1) “Productivity refers to a ratio of output (goods and services) produced per unit of input (productive resources) over some time period.”
a) The Tanner factory and the Thacker factory both make baseball gloves. Both factories have the same kind of equipment and both employ 200 workers. Last month, the Tanner factory produced 5,000 baseball gloves in 20 working days, while the Thacker factory produced 4,000 gloves in the same time period. What was the output per worker per day in each factory? What factory was more productive, assuming equal quality?
b) Suppose a factory could produce either stereos or VCRs. The table below could represent the combinations of these two products that could be produced from the firm’s resources if the firm is using its resources most efficiently.
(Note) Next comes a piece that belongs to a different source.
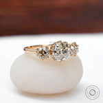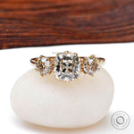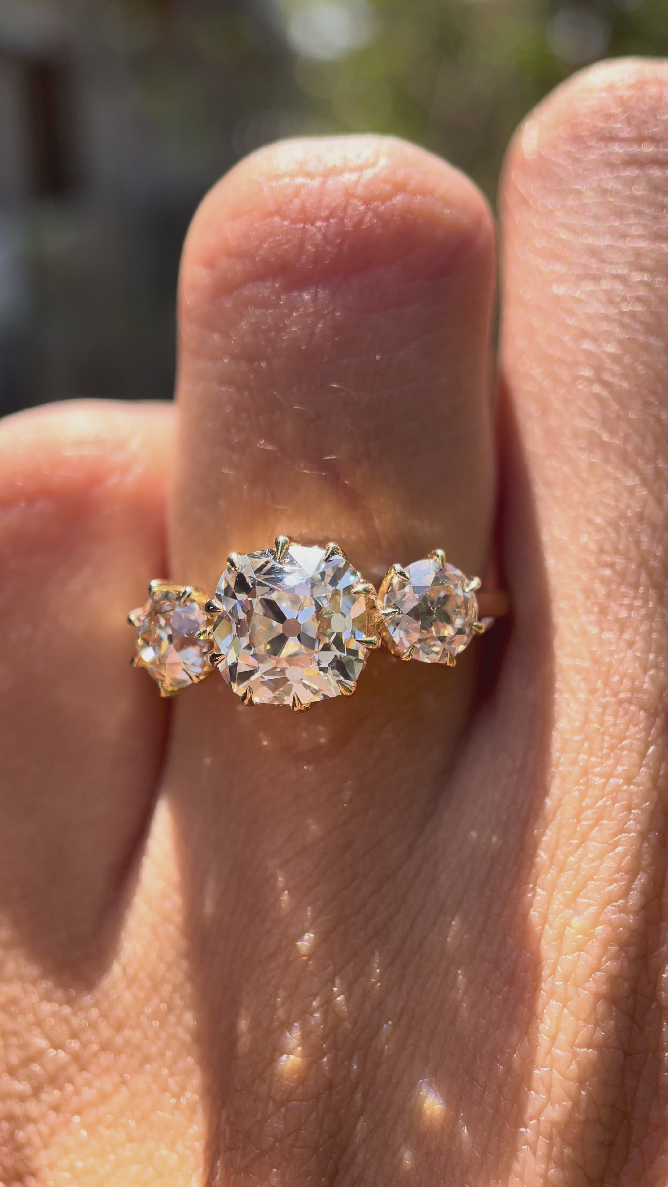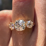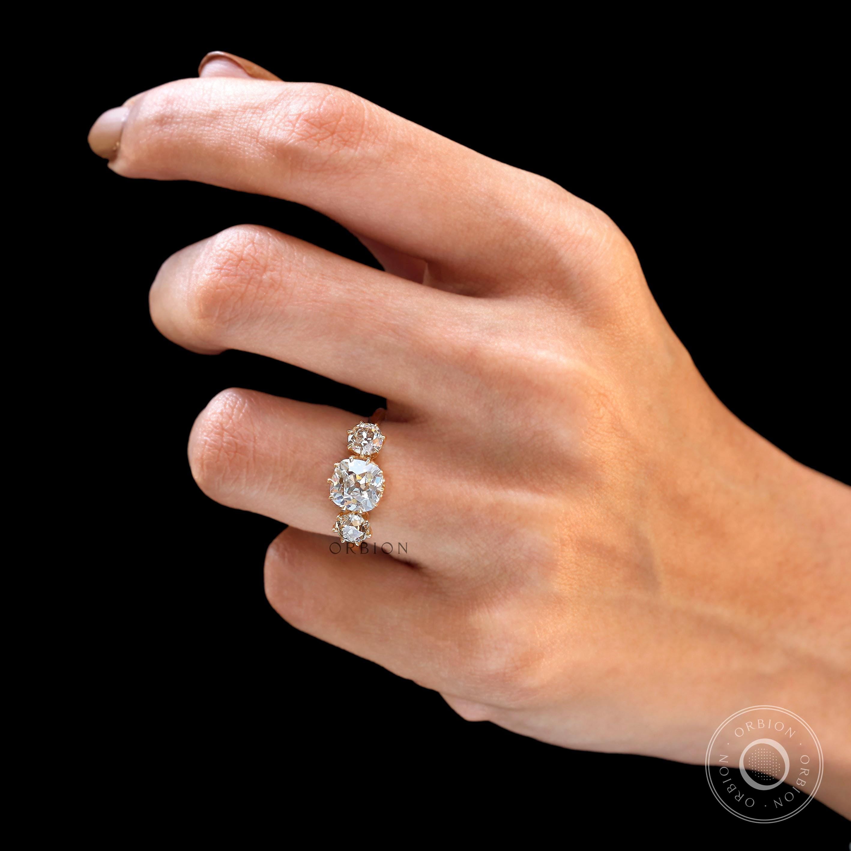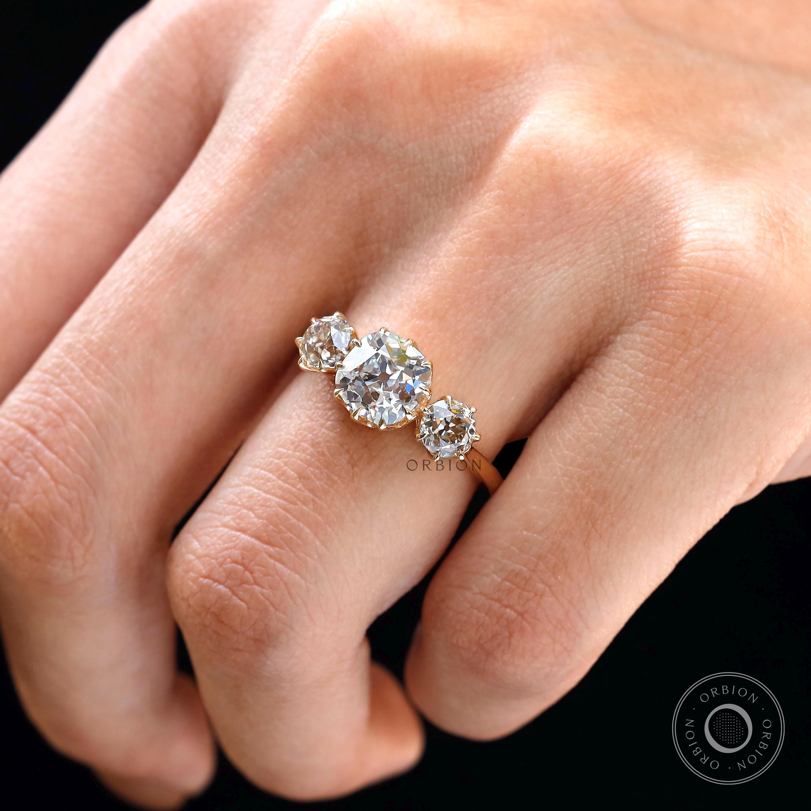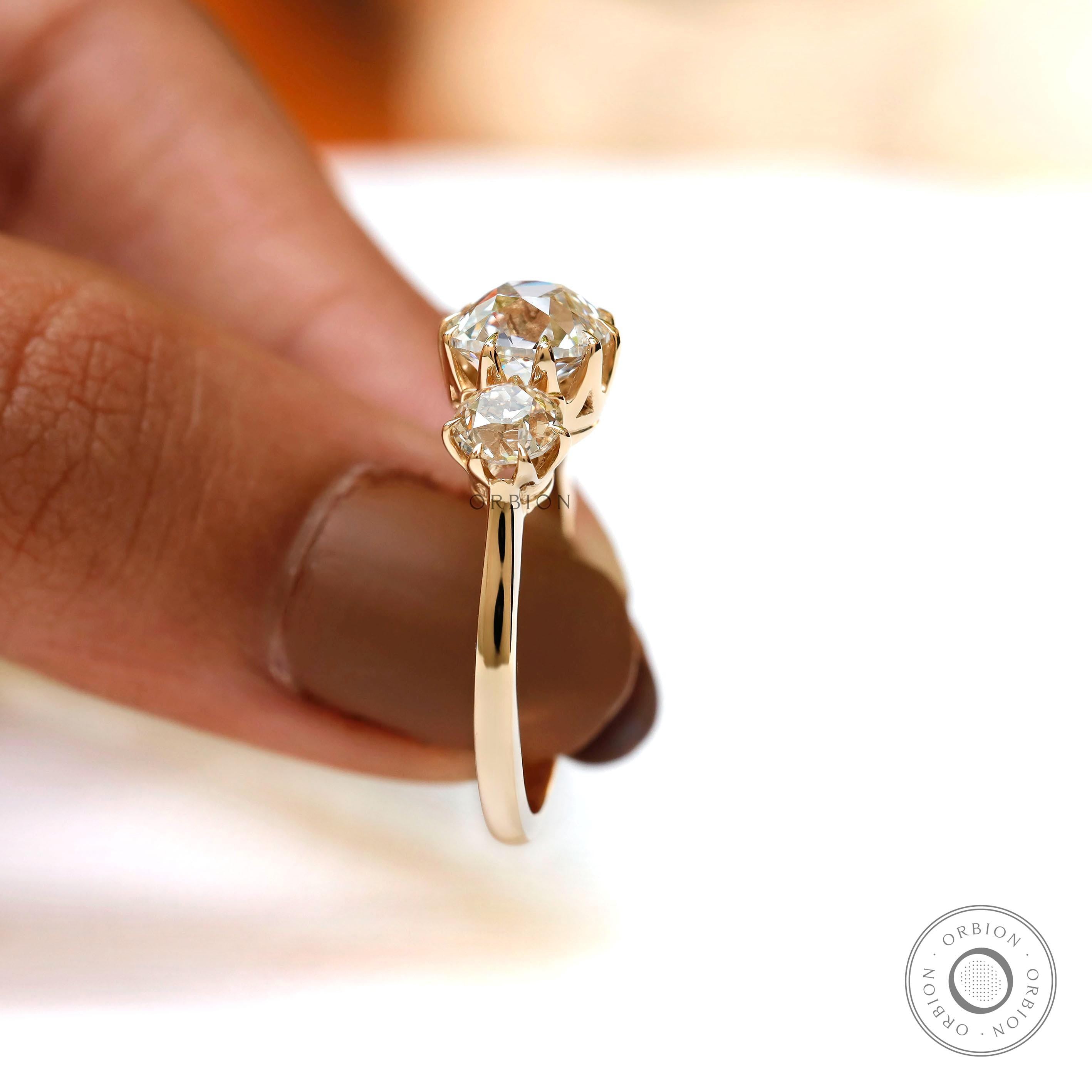 Three Stone Lab Grown Diamond Trilogy Engagement Ring OEC Moissanite Side Stones 14k Yellow Gold Georgian Style Antique Ring Women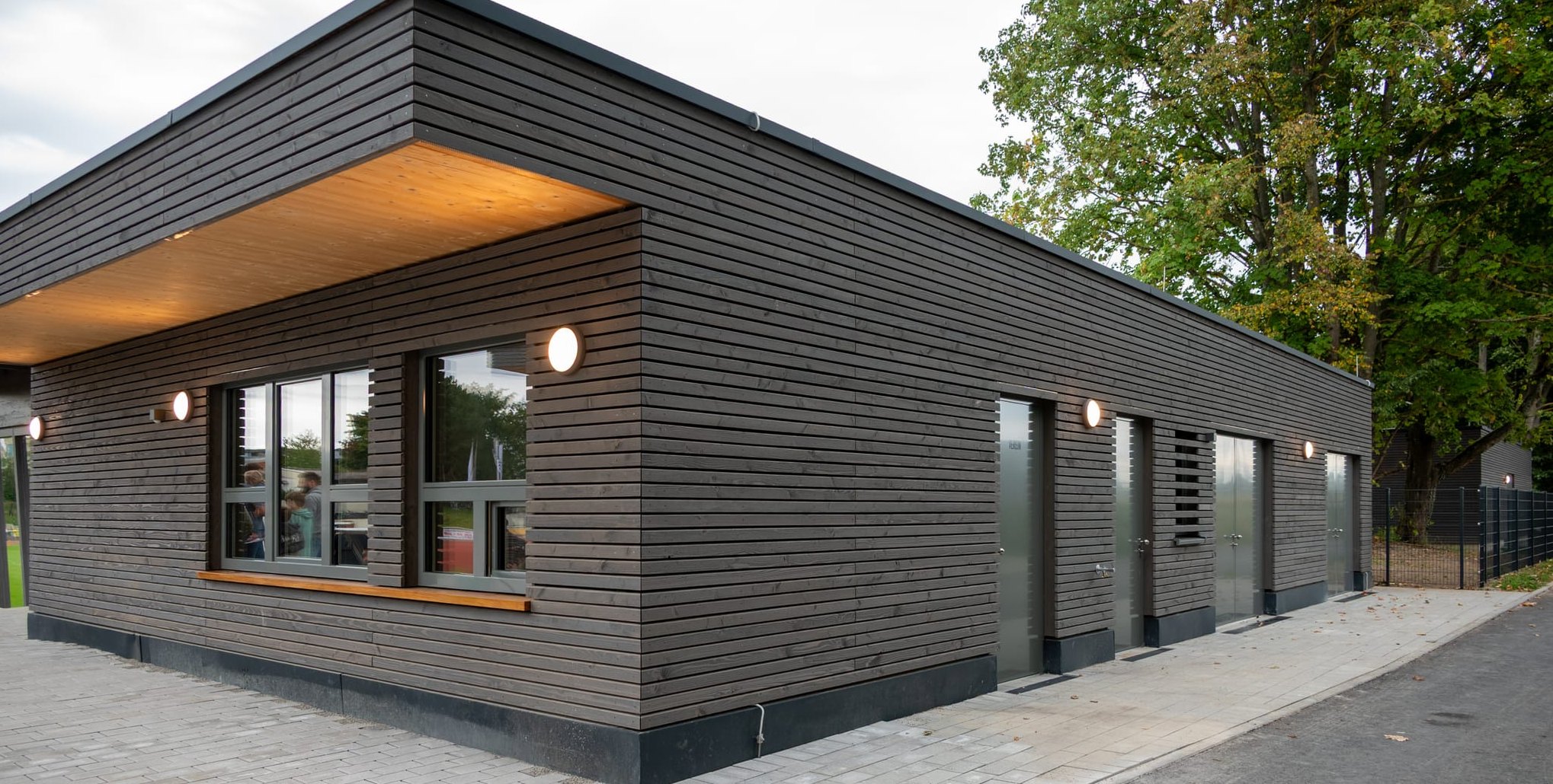 Bodentiefe Fenster im Funktionsgebäude bieten freie Sicht auf das Stadion.

Draw a production possibilities frontier from this information.
Production Combinations
Combination Stereos VCR sets
A 900 0
B 600 100
C 300 200
D 0 300
c)A farmer is trying to decide whether to grow 800 orange trees or 400 apple trees. The farmer could grow some of each. In the fall, the farmer expects to harvest an average of twenty oranges or ten apples per tree. Therefore, if the farmer only grew oranges, the farmer could expect to harvest 16000 oranges a day (800 oranges X 20 oranges/tree. If the farmer only grew apples, the farmer could expect to grow 4000 (400 apples X 10 apples/tree). What are 4 different production combinations for the farmer? Draw a line graph to represent them.

2) “The quality of labor resources (known as human capital) can be improved through investments in education, training, and health care.”
For a selected group of occupations, such as police officer, auto worker, secretary, or doctor, students will describe how different levels of education and training contribute to the value of goods or services these workers provide and to the income differentials for these occupations. Students will analyze the effects of health care, or the lack of it, on human capital.

3) “Although investments in capital goods and in human capital can increase productivity, such investments have significant opportunity costs and economic risks”
Students will analyze the following: Bill, the owner of a car manufacturing company, is deciding whether or not to invest in robots to build the cars. His alternatives may include providing further training to his current employees or to hiring more new employees to increase productivity. What are the opportunity costs and economic risks if he follows through on any of these decisions? What do you predict to be the rational choice? What would you do?